Кровь поэта препарировали разного рода специалисты - эстеты и психологи (одну из рецензий даже написал Зигмунд Фрейд). Взаимоотношения с интерпретаторами отнимали много времени у Кокто. Применительно к психологическим толкованиям своего фильма, он соглашался, что поэт живет, не осознавая истинных причин своих позывов и желаний, но в этом пусть разбираются другие, не он. Тем не менее, сценарий Крови поэта вышел с авторским послесловием, в котором Кокто попытался объясниться прозой. Там же он честно признавался (а может быть, с долей лукавства, кто знает?), что даже он, сам автор, не в состоянии пересказать содержание Крови поэта. Задачей режиссера было застать врасплох поэтическое состояние: "Многие думают, что такого состояния не существует, что это некое самопроизвольное возбуждение. Однако даже те, кто находится дальше всех от поэтического состояния, когда-нибудь его да испытали".

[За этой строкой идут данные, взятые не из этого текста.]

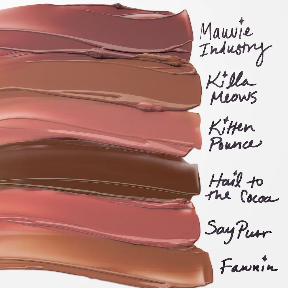 This checks all the boxes for me: moisture, color, and texture. It stays on for a long time and I'm obsessed with the fuzzy applicator. I kinda wish it didn't last as long so I could reapply more, ha. I got Say Purr as an everyday color and will be getting a few more darker colors for going out.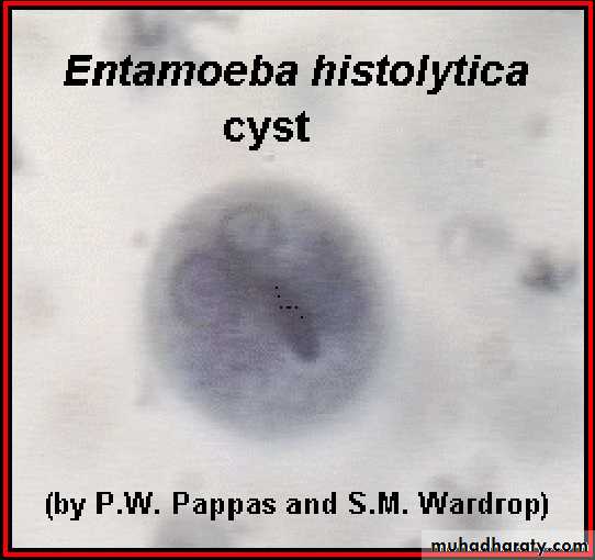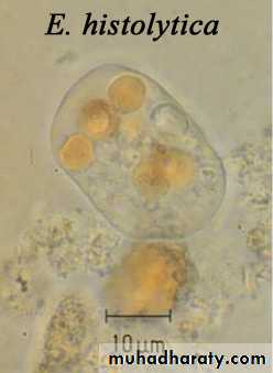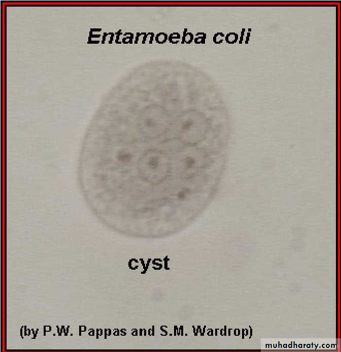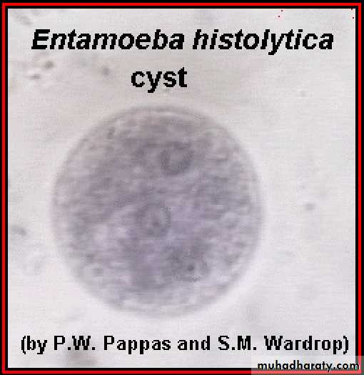 Laboratory diagnosis. An iodine-stained cyst of the pathogen Entamoeba hystolytica with 4 nuclei is illustrated. The harmless commensal Entamoeba coli has larger cyts with 8 nuclei. Furthermore, recall that E. histolytica has a lookalike E. dispars that is harmless.

При всей невозможности дешифровать высказывания Кокто его энциклопедия образов имеет ряд стойких повторений. Речь здесь не только о зеркале, как границы в инобытие, через которую способны пройти лишь избранные, Кокто тоже часто обращается к теме детства. В Портретах-воспоминаниях значительная часть посвящена отрочеству. Первая сцена из Трудных детей /1950/ (по разным сведениям, Мельвиль снимал фильм под непосредственным контролем автора) будет означена играми в зимнем школьном саду. В Крови поэта подростки, играя в снежки, разрушали статую.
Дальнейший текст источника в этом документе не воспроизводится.